* **Records for the task**

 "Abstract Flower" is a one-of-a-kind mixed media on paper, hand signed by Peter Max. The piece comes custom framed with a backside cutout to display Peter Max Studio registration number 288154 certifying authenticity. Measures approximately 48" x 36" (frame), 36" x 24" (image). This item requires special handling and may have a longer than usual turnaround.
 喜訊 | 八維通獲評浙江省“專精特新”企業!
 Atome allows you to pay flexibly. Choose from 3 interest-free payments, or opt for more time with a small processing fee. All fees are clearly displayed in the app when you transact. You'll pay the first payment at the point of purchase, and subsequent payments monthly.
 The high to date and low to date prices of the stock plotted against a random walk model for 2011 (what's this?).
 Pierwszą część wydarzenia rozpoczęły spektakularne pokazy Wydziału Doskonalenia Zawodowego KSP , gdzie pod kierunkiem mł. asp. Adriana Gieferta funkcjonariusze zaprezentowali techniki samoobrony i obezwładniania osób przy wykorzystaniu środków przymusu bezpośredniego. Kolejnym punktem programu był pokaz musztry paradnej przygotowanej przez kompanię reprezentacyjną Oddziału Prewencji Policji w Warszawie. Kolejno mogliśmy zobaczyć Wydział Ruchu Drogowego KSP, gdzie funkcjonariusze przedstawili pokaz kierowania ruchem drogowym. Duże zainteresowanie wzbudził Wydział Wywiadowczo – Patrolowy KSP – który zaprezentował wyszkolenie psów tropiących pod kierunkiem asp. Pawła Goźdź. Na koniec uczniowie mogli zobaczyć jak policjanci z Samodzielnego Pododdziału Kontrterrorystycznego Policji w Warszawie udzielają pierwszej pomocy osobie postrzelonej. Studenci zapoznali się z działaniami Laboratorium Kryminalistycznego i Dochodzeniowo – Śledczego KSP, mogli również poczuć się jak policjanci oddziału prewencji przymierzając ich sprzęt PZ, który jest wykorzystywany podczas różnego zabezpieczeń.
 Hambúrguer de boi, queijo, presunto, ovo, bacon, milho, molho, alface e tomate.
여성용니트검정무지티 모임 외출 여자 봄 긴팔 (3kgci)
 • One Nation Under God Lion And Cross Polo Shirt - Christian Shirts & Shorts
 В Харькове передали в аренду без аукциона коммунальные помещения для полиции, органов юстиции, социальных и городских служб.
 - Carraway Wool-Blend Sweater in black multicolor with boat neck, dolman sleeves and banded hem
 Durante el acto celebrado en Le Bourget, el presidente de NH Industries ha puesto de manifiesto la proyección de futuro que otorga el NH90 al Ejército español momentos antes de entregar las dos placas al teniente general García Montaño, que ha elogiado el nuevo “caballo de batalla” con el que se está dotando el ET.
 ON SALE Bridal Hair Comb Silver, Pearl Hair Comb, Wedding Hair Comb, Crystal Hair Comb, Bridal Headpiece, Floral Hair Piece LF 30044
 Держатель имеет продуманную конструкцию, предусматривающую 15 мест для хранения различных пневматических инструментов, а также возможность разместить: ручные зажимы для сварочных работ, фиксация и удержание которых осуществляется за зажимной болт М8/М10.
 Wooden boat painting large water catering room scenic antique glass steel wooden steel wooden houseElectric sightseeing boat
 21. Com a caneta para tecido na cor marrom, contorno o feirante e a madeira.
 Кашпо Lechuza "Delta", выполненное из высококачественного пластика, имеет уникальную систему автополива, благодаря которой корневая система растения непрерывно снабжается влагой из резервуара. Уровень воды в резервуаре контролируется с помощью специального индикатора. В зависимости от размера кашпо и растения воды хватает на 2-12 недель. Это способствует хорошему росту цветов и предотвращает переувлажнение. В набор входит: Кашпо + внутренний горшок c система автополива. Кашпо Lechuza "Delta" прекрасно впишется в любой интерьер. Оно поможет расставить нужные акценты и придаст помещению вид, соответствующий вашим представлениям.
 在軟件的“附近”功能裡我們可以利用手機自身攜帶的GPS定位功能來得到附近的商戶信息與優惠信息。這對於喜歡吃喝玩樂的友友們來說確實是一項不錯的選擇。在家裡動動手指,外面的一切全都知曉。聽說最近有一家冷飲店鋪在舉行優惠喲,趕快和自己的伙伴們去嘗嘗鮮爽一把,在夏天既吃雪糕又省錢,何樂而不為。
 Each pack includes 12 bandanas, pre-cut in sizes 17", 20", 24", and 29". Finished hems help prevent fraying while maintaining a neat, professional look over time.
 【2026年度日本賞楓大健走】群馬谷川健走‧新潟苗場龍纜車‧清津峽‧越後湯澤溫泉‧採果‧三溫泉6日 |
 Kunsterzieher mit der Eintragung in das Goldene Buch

* **Task**
Please state how many lines in the entries above include the string "time", and write only that number.

* **Solved exercise**
2